Tu m'expliques qu'il faut payer très cher les patrons afin de pouvoir bénéficier de rentrées fiscales, et pourtant il est prouvé que ceux-ci ne payent pas grand chose, puisqu'ils vont dans des cantons qui ne les taxent pas comme ils taxent les honnêtes travailleurs.

Toi-même dans d'autres postes tu l'écrivais, ce ne sont pas les très riches qui payent les impôts dont nous avons besoin, c'est la classe moyenne, donc si c'est la classe moyenne et ouvrière, que se soie celles-ci qui bénéficient de meilleurs salaires, cela se répercutera directement sur les impôts dont ils s'acquittent sans frauder.

Quand aux Ospel et consort, elle apprendront comme tout le monde à faire plus avec moins.

Ecrit par : Earl | 08.10.2009

"Une fois de plus, tu esquive la question centrale.
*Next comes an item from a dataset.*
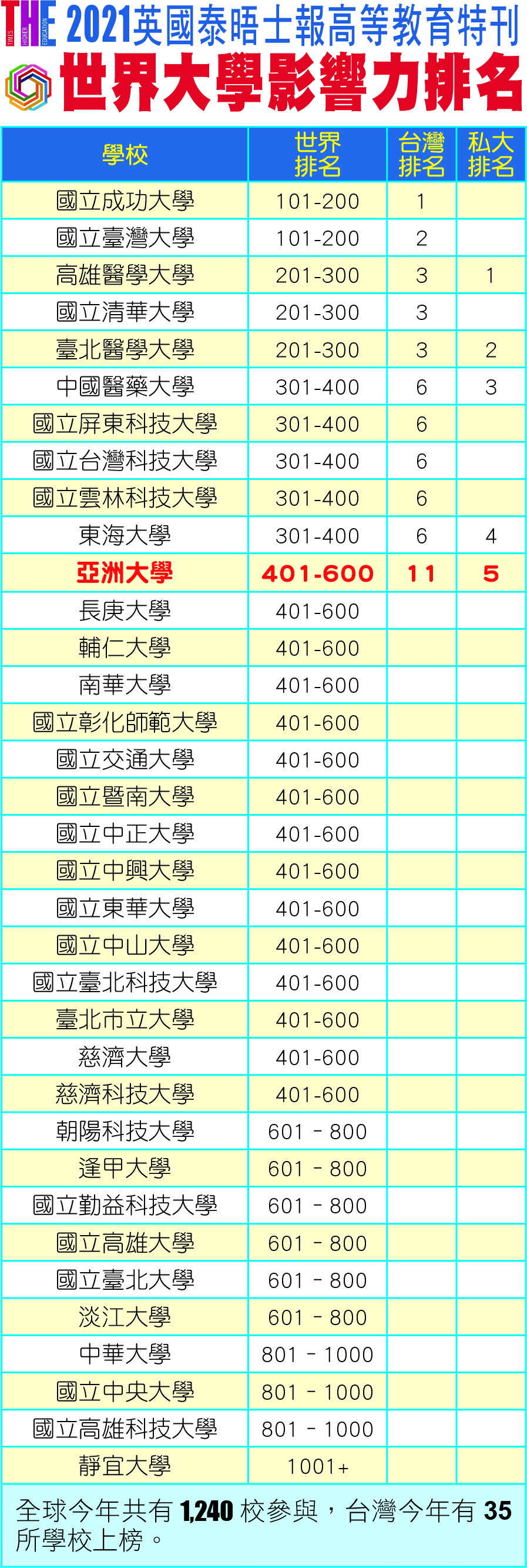 英國泰晤士報高等教育特刊公布2021年「世界大學影響力排名」,亞洲大學(Asia University, Taiwan)名列全球400-600名間、全台並列第11名、私立大學並列第5名、非醫學類私大並列第2名(請見圖表)。亞大在永續發展目標「體面工作和經濟增長」項目全球排名87名,進入前百大,更是全台第一名,顯見亞大相當重視確保學校教職員工的工作權、就業權利與保障性別薪資平等與反歧視措施。

Sachant que ces salaires ne SERONT PAS redistribués, qui paie la baisse des rentrées fiscales?"

L'argent ne s'évapore pas comme ça: si la masse salariale diminue, soit les clients profiteront d'une baisse de prix, soit les actionnaires toucheront un plus gros dividendes.

Et ça vous fait peur que de l'argent sorte des entreprises pour mieux rémunérer les actionnaires plutôt que de rester à l'intérieur sous forme de salaire ? Dans quel camps étiez-vous quand ce problème a été soulevé lors du débat sur la l'allégement de l'imposition des dividendes ??? Cette mesure va coûter 150 millions à l'AVS... Bizarre, dans ce cas là c'était pas trop grave, hein ?? ;-)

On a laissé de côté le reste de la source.